The manager must then put in place management routines, which are the foundation of the group’s existence. Examples:
- Daily briefing of the team to share the day’s priorities and adapt to unforeseen and unexpected events.
- A weekly review to share the week’s results with the team’s successes, highlight the performance or initiatives of a particular employee, or give feedback to identify what could have gone better, etc.
- More formal meetings during which the scope of the team’s responsibility, its contribution to the smooth operation of the store, and the objectives set, etc. are emphasised.
Finally, the manager must ensure that their “position” remains compatible with their duties:
- fairly distributing the workload
- taking into account the opinions of each employee
- stimulating the desire to take on responsibilities
- being objective in assessing and remunerating performance
- ensuring that there is always an honest, exacting and generous discussion.
The need to re-legitimise the manager’s position
In recent years, the evolution of the manager’s job within the store has not always been accompanied by an update in the manager’s role and responsibilities. It is common to no longer know how to clearly and coherently state what the manager is responsible for, which decisions they are entitled to make and what resources they have to exercise their responsibility.
Although it is understood that the manager must achieve the target sales for a section or department, their responsibility for the resources to achieve these, and in particular optimising the allocation of resources sometimes tends to be vague. Is the manager responsible for the volume of hours needed to cover the workload to meet their sales targets and ensure the upkeep of a department’s aisles?
Answering this question makes it possible to establish the legitimacy of the manager in respect of their teams and facilitates the manager’s involvement in the team’s management.

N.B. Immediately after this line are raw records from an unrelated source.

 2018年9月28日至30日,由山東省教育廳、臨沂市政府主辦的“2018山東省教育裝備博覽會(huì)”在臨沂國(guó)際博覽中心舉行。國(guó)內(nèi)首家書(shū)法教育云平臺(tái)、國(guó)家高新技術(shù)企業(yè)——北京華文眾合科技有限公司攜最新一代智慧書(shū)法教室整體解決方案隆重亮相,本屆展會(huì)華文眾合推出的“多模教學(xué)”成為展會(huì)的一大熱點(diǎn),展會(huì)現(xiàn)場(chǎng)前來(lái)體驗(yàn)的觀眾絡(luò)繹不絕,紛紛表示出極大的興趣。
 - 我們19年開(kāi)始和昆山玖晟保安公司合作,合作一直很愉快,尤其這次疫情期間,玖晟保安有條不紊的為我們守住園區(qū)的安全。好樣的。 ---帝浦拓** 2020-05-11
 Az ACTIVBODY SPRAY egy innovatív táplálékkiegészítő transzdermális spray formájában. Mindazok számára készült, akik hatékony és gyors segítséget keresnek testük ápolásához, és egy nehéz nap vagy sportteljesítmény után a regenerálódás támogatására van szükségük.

It is also necessary to ensure that the manager is able to access reliable and objective information to help them organise their team’s work and assess with their employees, but also their direct management, the effectiveness of their decisions.
It is not always easy, after listening to and analysing all the opinions, to decide to keep the focus on the common good … at the risk of frustrating certain others. For the manager, relying on objective and transparent information and analyses, facilitates decision-making, the understanding of these decisions and their acceptance by team members.

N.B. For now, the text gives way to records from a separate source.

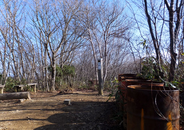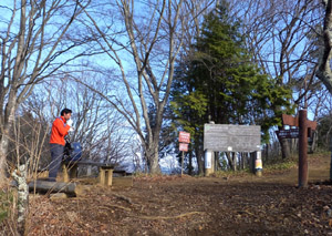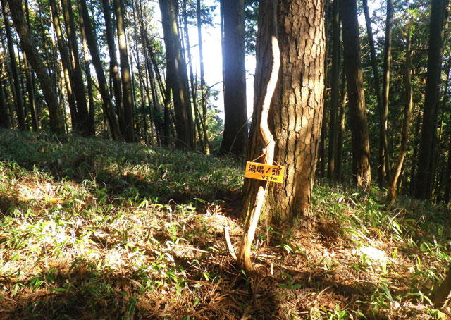 落ち葉や雪の季節は注意したい。しかし、そこはかつての往来道。ルートの大半は明瞭で、高低差の少ない尾根歩きが続く。背丈ほどの笹の中を進むと、やがてスギの植林帯が見えてくる。細い登山道をトラバースしながら徐々に高度を下げて行く。コルを越えて台地状になったところが湯場ノ頭(ゆばのあたま/ 927m)である。湯場ノ頭の先は尾根が分岐している。「作業道通行止」の標識がある北北東の尾根には入らず、北北西に延びる尾根を緩やかに下る。この先はしばらくなだらかな尾根道が続く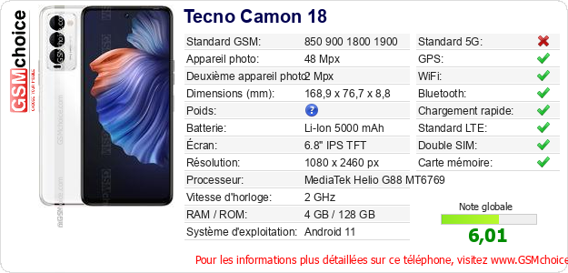 Vous vendez sur eBay ? Vous voulez publier la photo et les caractéristiques de ce Tecno Camon 18 sur votre site Internet ? C'est très simple ! Il suffit de copier ce code HTML et de le coller dans le code source de votre site:Ce code provoque l'affichage de l'image suivant:
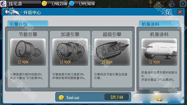 购买飞机的时候,可以根据需求来进行定制,例如扩大飞机座椅的间距、增加更多的商务舱座椅,还可以给飞机加装各种引擎以及涂装,它们可以给飞机带来附加属性。订单提交之后,需要两个回合飞机才能交付到你的手上。

TimeSkipper, a managerial support tool
TimeSkipper helps to establish the legitimacy of the manager by facilitating the managerial organisation of their team and helping them to make decisions to make every hour count.

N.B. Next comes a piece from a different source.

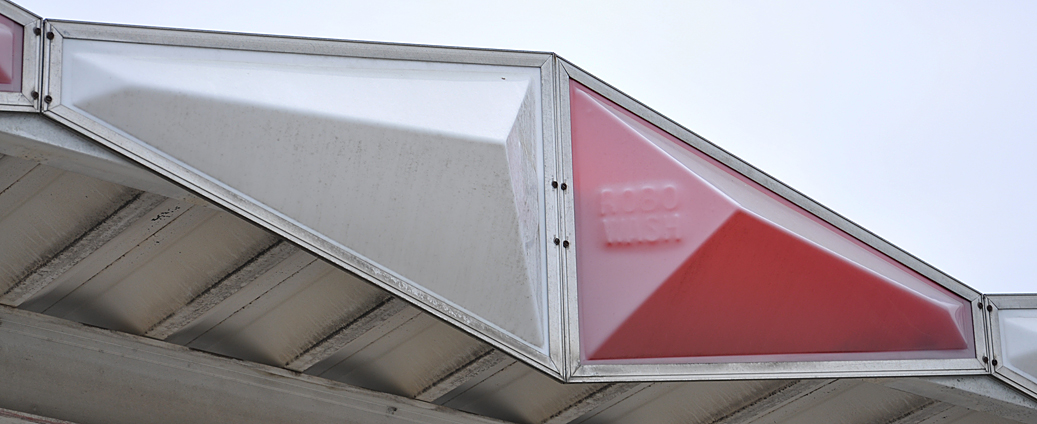 OK, are you still with me about Robo-Washes? I found another today in Rosenberg at a used car lot. Note the track & plastic paneling around the roof. No sign here though:

Experience shows us that through routines such as the presentation of the timetable and common tasks to be shared, the tool strengthens the manager’s position and helps increase their ability to create transparency and accountability. Providing genuine managerial support, the platform makes it possible to calculate the duration of tasks and distribute them fairly within the teams, while developing the skills and autonomy of each employee. The tool facilitates the organisation of teams’ professional soft skills and know-how: the employees are aware of their manager’s expectations and accept the manager’s informed decisions. In this stimulating environment, the teams’ involvement increases, and the manager’s leadership is strengthened.
The importance of the manager is not debatable, that is a fact. Concerning the manager’s legitimacy – which is not always a given – they have a duty to demonstrate it in order to gain the support of their co-workers by creating trust and helping these co-workers to progress so that they become increasingly autonomous.
The TimeSkipper platform is completely in line with this process. The tool supports the manager’s performance by providing a reassuring and unifying decision-making framework, to ensure a return to managerial effectiveness and collective commitment.